The main goal of this document is to provide the benefits of moving the Authority API from the mod-inventory-storage module to the mod-entities-links.

NFRs:

  1. Data integrity: Centralized storage for authority data should remove possible inconsistencies between microservices.
  2. Maintainability: Implementation of features related to handling and managing authorities should not require overhead on crosschecking between mod-inventory-storage and mod-entities-links.
  3. Performance: Removal of HTTP requests and Kafka interaction overhead should improve the performance of linking and import.

Baseline Architecture

Interactions between the mod-entities-links and mod-inventory-storage modules:

  1. Event Consumption: The mod-entities-links module consumes events from the mod-inventory-storage module when authority records are updated or deleted. This ensures that the links stay synchronized with any changes happening in the inventory module.

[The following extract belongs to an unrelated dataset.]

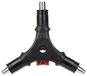 Ucięty kabel antenowy wsadzamy do środkowego otworu ściągacza. Aby włożyć kabel do otworu należy nacisnąć do oporu czerwony przycisk. Po włożeniu kabla puszczamy czerwony przycisk i kilkukrotnie obracamy ściągacz dookoła osi kabla.

  2. Statistical Authority Data Storage: The mod-entities-links module stores statistical authority data by partially copying certain fields that are used for linking, link creating/updating, and automating linking. So module will maintain an almost full copy of the inventory database when most authorities are being linked.

  3. Integration with mod-search: The mod-entities-links module makes calls to the mod-search module to retrieve authority data for suggesting links in the automate linking feature. 

Target Architecture

1. Required

  1. Rename mod-entities-links to mod-authority-manager.
  2. Fully move Authority API, Authority Note Types API, and Authority Source Files API from mod-inventory-storage to mod-authority-manager. This API provides just CRUD operations and does not have any business logic.
  3. Move authority reindex API.
  4. Adjust mod-authority-manager to use an internal database instead of interacting with mod-inventory-storage and mod-search.
  5. Disable the above APIs in mod-inventory-storage and remove APIs implementation and enable it in mod-authority-manager. The dependent UI and BE modules will not experience any differences.
  6. Create a migration script for existing authorities.

Estimation

PointEstimation
1.11
1.2

5

1.33
1.45
1.52
1.65
Total21

2. Optional/Future

  1. Consume data-import authority events to increase the performance of authority data-import flow. (8 SPs)
  2. Simplify authority stats generating
  3. Move mapping rules

Benefits

Moving the Authority API from the mod-inventory-storage module to the mod-entities-links module can bring several benefits, particularly in terms of reducing dependencies, minimizing interactions, and eliminating duplication of authorities. Here are some arguments to support this movement:

  1. Dependency Reduction: By moving the Authority API to the mod-entities-links module, the number of dependencies required by the mod-inventory-storage module can be reduced. This streamlining of dependencies can lead to a more modular and efficient architecture.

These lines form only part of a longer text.